Marilyn and Jared learn from the attendant that they need to find The Driver's eyes and burn them to put his spirit to rest, but The Driver set a trap for them. Jared wakes up and finds himself and Marilyn tied up, while The Driver and attendant stands before them. The attendant, speaking for The Driver, tells Jared that Marilyn was unfaithful to Tom and needs to be "cleansed." Jared initially refuses, but then has his right eye cut out by The Driver. Jared then gives in and uses a drill to torture Marilyn.
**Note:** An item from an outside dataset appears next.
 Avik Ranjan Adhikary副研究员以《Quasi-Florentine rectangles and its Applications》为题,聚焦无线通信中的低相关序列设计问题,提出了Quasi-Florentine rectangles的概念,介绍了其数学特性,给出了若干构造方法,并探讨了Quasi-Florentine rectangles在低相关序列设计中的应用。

Tom arrives at the gas station to find Marilyn still tied up and but alone. Just as day breaks, they exit the station to find the aged and abandoned motorhome parked outside. Marilyn insists on finding The Driver’s eyes, then they hear the yellow truck approaching. Tom loads up with weapons he kept in his backseat to take on The Driver. Marilyn searches around the R.V. and finds Jared, she encourages him to help her. Tom and The Driver fight while Marilyn and Jared search the eyes. They decide to look outside and Jared runs into Scotty’s ghost. Scotty tells him that the twins have The Driver's eyes, but the twins have now locked themselves in the R.V. Jared assists Marilyn in setting the whole R.V. on fire, destroying it. Just as The Driver is about to kill Tom, he disappears.
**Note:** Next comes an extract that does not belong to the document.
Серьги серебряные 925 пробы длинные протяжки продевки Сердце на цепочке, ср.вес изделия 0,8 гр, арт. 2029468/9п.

During their drive home, Jared discovers his picture of Nicole, that he kept on his visor, is now missing. Just as he looks back at the road, the R.V. smashes into his car. Sometime later that day in a motel, Tom ponders Jared's disappearance to Marilyn. She begins crying next to him in bed and Tom asks what’s wrong. Marilyn responds, "You should have saved me." and the yellow truck begins revving its engine outside of the room’s window. Tom looks out of the window and into the truck's cab, now seeing Marilyn crying in the passenger seat. Tom rushes out of the room but the parking lot is now empty, he realizes that Marilyn didn't survive.

The Driver then continues driving around the Old Highway.

==Reception==
Cinema Blend said of the film, "A scary movie is made through the story...the end result is a laughable mess that feels more like a car zooming down the highway with no brakes."